Passport Health Plan will invest millions to move its headquarters to a vacant West Louisville site in what city and company leaders hope will anchor the neighborhood’s revitalization.
The nonprofit, which administers Medicaid benefits for Kentuckians, bought the property, southwest of the intersection of 18th Street and Broadway, for $9.1 million from New Bridge Development. It hopes to turn the 20-acre site into a state-of-the-art health and wellness campus.
The parcel previously was to have housed a Walmart store, but the retailer abandoned the project in October as a lawsuit against Walmart, Louisville-Jefferson County Metro Government and then-property owner NewBridge Development, was pending.
Passport, city and community leaders said Wednesday morning that they hoped the new project would draw more commerce, jobs and pride to an impoverished neighborhood.
At a press conference held at the site, near the Brown-Forman Corp. headquarters, preachers and neighborhood leaders described the plans as a “miracle on 18th Street,” “the greatest comeback in the history of West Louisville” and a “great moment in the city’s history.”
The move will bring 550 employees to the area, including 200 from Passport and 350 from Evolent Health, a Virginia-based health care consulting company, which has partnered with the Louisville nonprofit to base its Medicaid business in Louisville.
Passport CEO Mark B. Carter told the audience that he expected the companies to add up to 100 employees in the next 18 months and that he envisioned the health campus to employ about 1,000 within five years.
To help make the project possible, the city intends to provide $500,000 in job creation incentives and another $762,000 to help with land acquisition and preparation.
Carter told Insider after the meeting that Passport expected to pay back the property’s purchase price with the help of a tax increment financing district, which would generate between $2.8 million and $4 million over 20 years. Property taxes from new developments in such districts do not support general government services but are pumped back into the district. In this case, the tax dollars would help defray the cost of the $9.1 million purchase price.

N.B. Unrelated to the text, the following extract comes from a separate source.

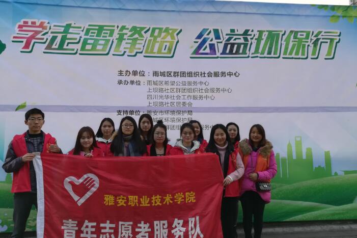 【本网讯】为了贯彻落实“文明三月,学雷锋”的号召,提高教育系学子“奉献、有爱、互助、进步”的志愿服务精神,3月5日,值学习雷锋活动日当天,教育系志愿服务分队参加了由雨城区群团组织社会服务中心举办的主题为“学走雷锋路,公益环保行”的活动。

In addition, Carter said that as Passport and Evolent move to the site, they hoped to be able to sell other portions of the property to businesses including grocery stores, physician offices and health clinics. As the property value appreciates, those sales, too, would help defray the cost of the initial purchase, he said.
Passport officials said after the presentation that the size and cost of its HQ had not yet been determined, though they planned for it to run along Broadway. Details will be worked out after the nonprofit seeks input through neighborhood meetings. The building is expected to be occupied as early as 2020. Carter said he expects a developer to pay for building construction and Passport to occupy the structure through a long-term lease.

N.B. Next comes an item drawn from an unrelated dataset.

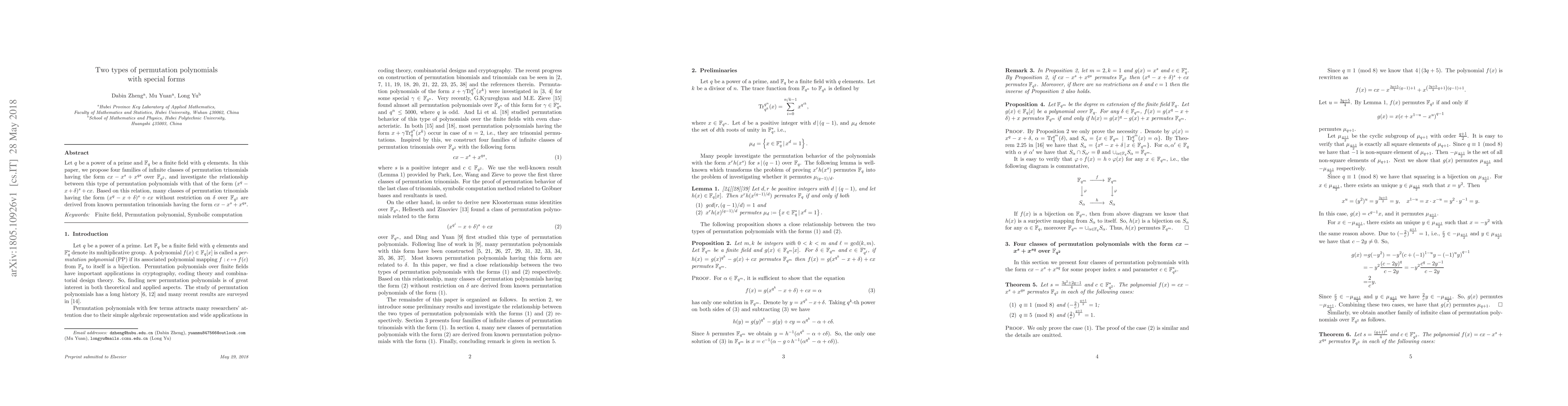 This paper presents four infinite classes of permutation trinomials of the form cx-x^s + x^{qs} over F_{q^2}, analyzing their relationship with trinomials of the form (x^q-x+delta)^s+cx. It derives numerous classes of the latter form without restrictions on u03b4 from known trinomials of the former form, contributing to the understanding of permutation polynomials over finite fields.

Carter said that he was inspired to propose Passport’s move after reading a column about West Louisville from the Rev. Kevin Cosby who bemoaned the “absence of social capital, connections, role models and institutions that pass on values needed to succeed in America.”
The CEO said that Passport leaders had been talking about expanding or moving because of significant growth, but Carter said that rather than working with a broker, he thought it might be better to pick a property that would benefit the nonprofit as well as the community.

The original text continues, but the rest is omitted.